THE PROBLEM —
Only an exact copy is wanted: the lines from the one holding "Custom Face Paleontologist" through the last line below, minus the pictures.

GIVEN INFORMATION —

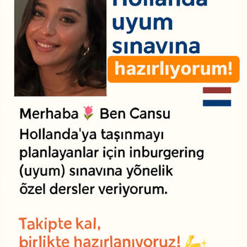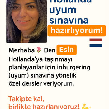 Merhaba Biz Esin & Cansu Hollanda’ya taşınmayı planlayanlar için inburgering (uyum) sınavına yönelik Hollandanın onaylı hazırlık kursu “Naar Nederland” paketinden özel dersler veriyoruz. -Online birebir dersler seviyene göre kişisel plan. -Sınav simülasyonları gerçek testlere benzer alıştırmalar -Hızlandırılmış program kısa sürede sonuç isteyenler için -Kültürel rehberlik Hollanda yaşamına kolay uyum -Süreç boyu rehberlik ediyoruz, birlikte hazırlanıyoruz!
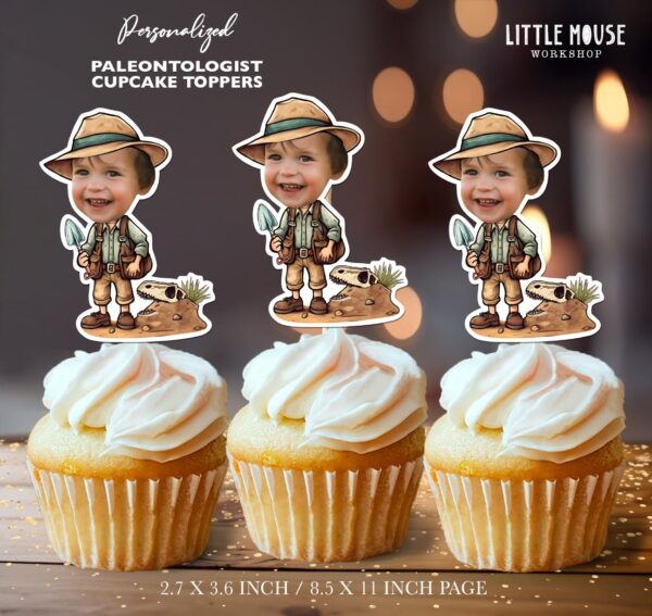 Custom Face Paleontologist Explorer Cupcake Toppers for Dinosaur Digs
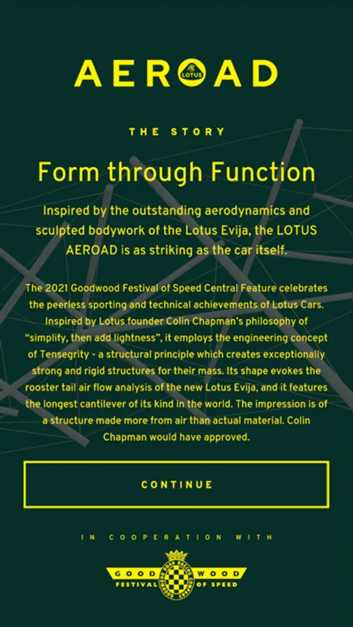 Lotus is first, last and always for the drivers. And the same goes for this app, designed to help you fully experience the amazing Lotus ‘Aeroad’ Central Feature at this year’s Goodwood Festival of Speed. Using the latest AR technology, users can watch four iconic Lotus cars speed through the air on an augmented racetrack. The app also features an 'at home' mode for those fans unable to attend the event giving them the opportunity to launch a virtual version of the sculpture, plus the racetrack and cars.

WRITTEN ANSWER —
 Custom Face Paleontologist Explorer Cupcake Toppers for Dinosaur Digs
 Lotus is first, last and always for the drivers. And the same goes for this app, designed to help you fully experience the amazing Lotus ‘Aeroad’ Central Feature at this year’s Goodwood Festival of Speed. Using the latest AR technology, users can watch four iconic Lotus cars speed through the air on an augmented racetrack. The app also features an 'at home' mode for those fans unable to attend the event giving them the opportunity to launch a virtual version of the sculpture, plus the racetrack and cars.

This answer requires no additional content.